Chairman of Tehreek-e-Hurriyat
- In office 19 May 2018 – 5 May 2021
- Preceded by: Syed Ali Shah Geelani
- Succeeded by: Ameer Hamza Shah

Personal details
- Born: 1944 Tekipora, Baramulla district, Jammu and Kashmir, British India
- Died: 5 May 2021 (aged 76–77) Jammu, Jammu and Kashmir, India
- Citizenship: Indian
- Party: Jamaat-e-Islami Kashmir (1960–2006) Tehreek-e-Hurriyat (2004–2021)
- Children: 6
- Education: BA (Hons)
- Alma mater: Aligarh Muslim University

= Ashraf Sehrai =

Kashmiri separatist leader and chairman of Tehreek-e-Hurriyat

Mohammad Ashraf Khan (23 March 1944 – 5 May 2021), chiefly known as Ashraf Sehrai or just as Sehrai, was a Kashmiri separatist leader and chairman of Tehreek-e-Hurriyat, a Kashmiri separatist political party. He was elected chairman through a first-ever election conducted in the history of Hurriyat when Syed Ali Shah Geelani relinquished office due to his deteriorating health.
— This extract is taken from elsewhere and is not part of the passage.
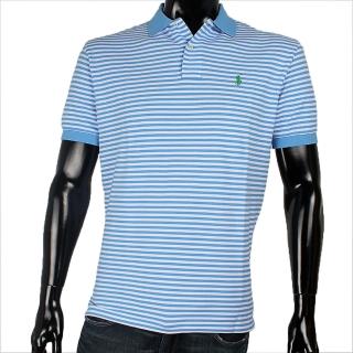 【RALPH LAUREN】POLO經典刺繡LOGO條紋綿質POLO衫(淺藍/白)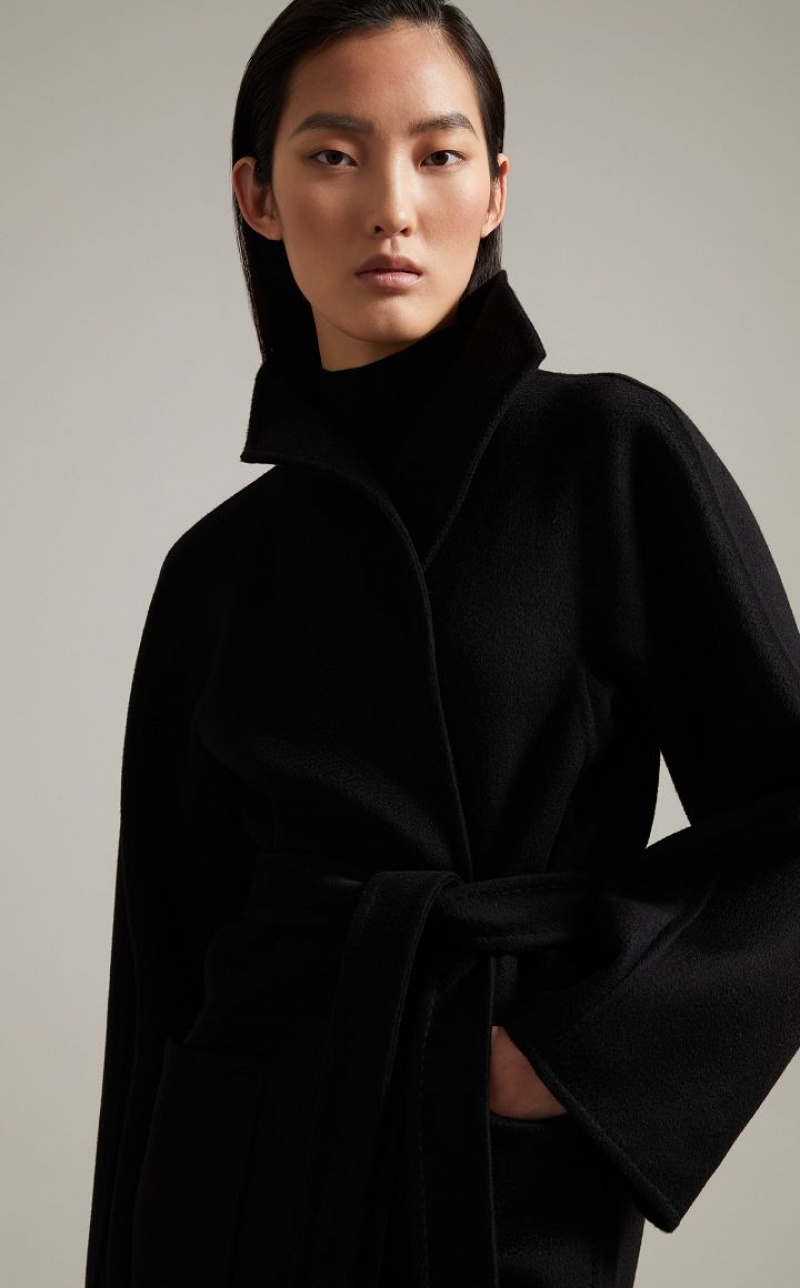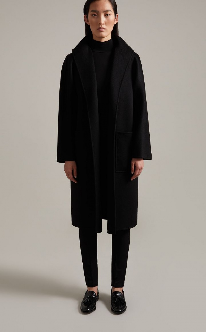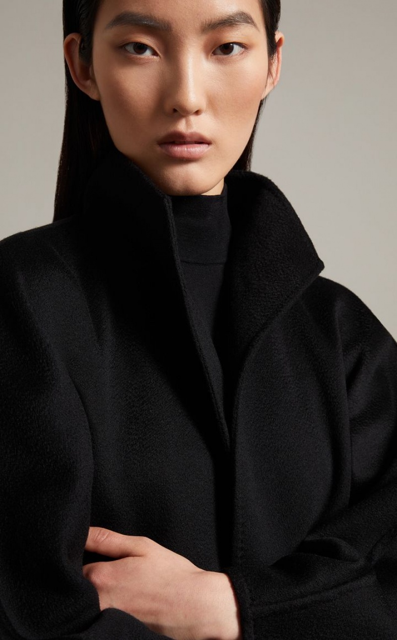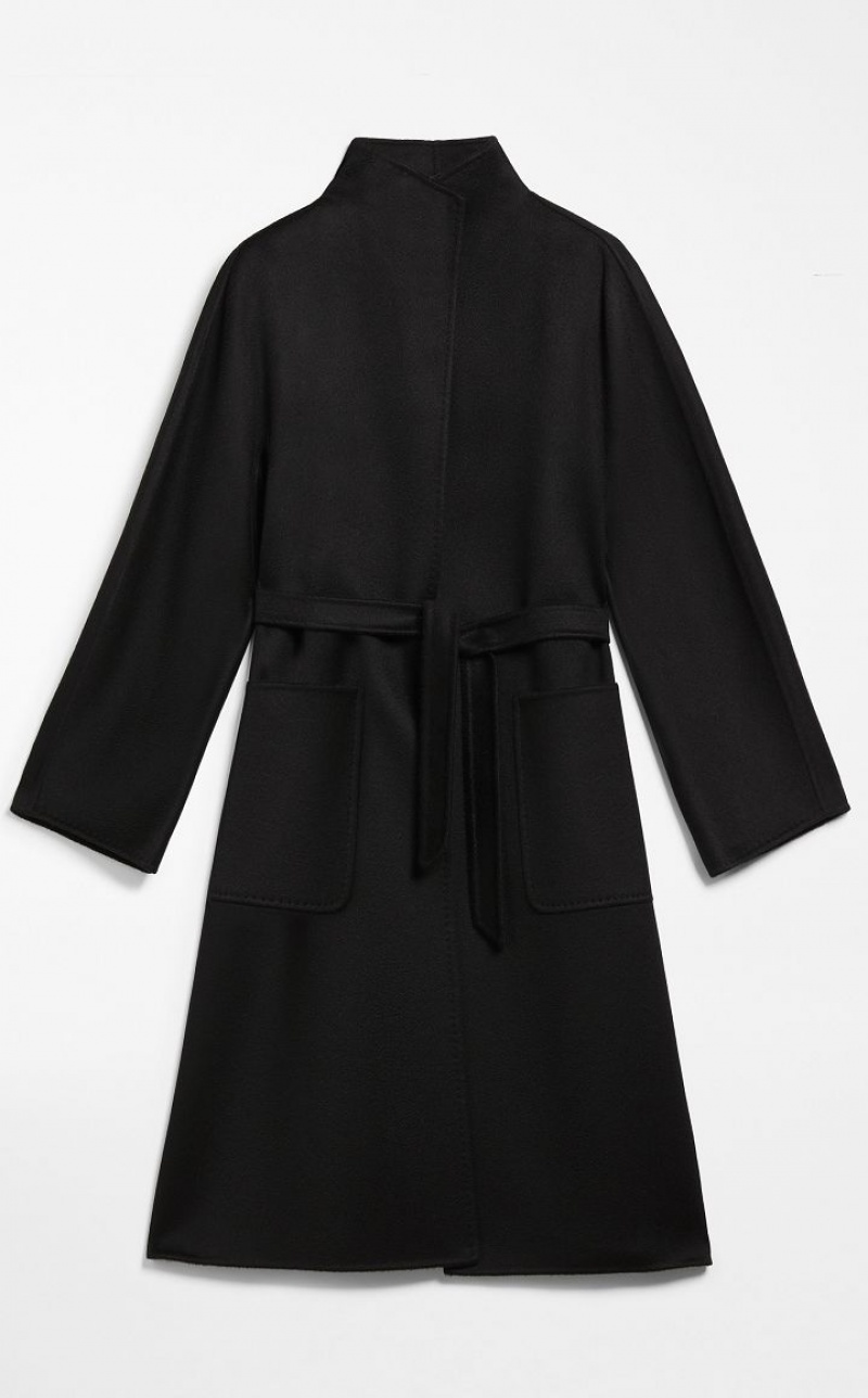 Iconic Max Mara coat featuring a cardigan-inspired straight silhouette. Made of exquisite pure double cashmere with hand-sewn sable trim, it boasts a standing collar, kimono sleeves and patch pockets. The matching belt allows you to accentuate the waist. Length: 105 cm.

He had also served as general secretary and deputy chairperson of Jamaat-e-Islami Kashmir. He was later appointed the head of its political division.

== Life and background ==
Sehrai was born in 1944 in Tekipora village of Lolab Valley in Baramulla district (presently the village is part of the Kupwara district, separated from Baramulla in 1970s) of Jammu and Kashmir to Shams-ud-din Khan. His ancestors had migrated from areas now part of modern-day Pakistan to Jammu and Kashmir. He also had two elder brothers. One of them was Muhammad Yousuf Khan, one of the founders of Tehreek-e-Islami, who died in 2016. The other was Qamar-ud-din Khan, a renowned member of Jamaat-e-Islami in the Lolab area who died in 2009.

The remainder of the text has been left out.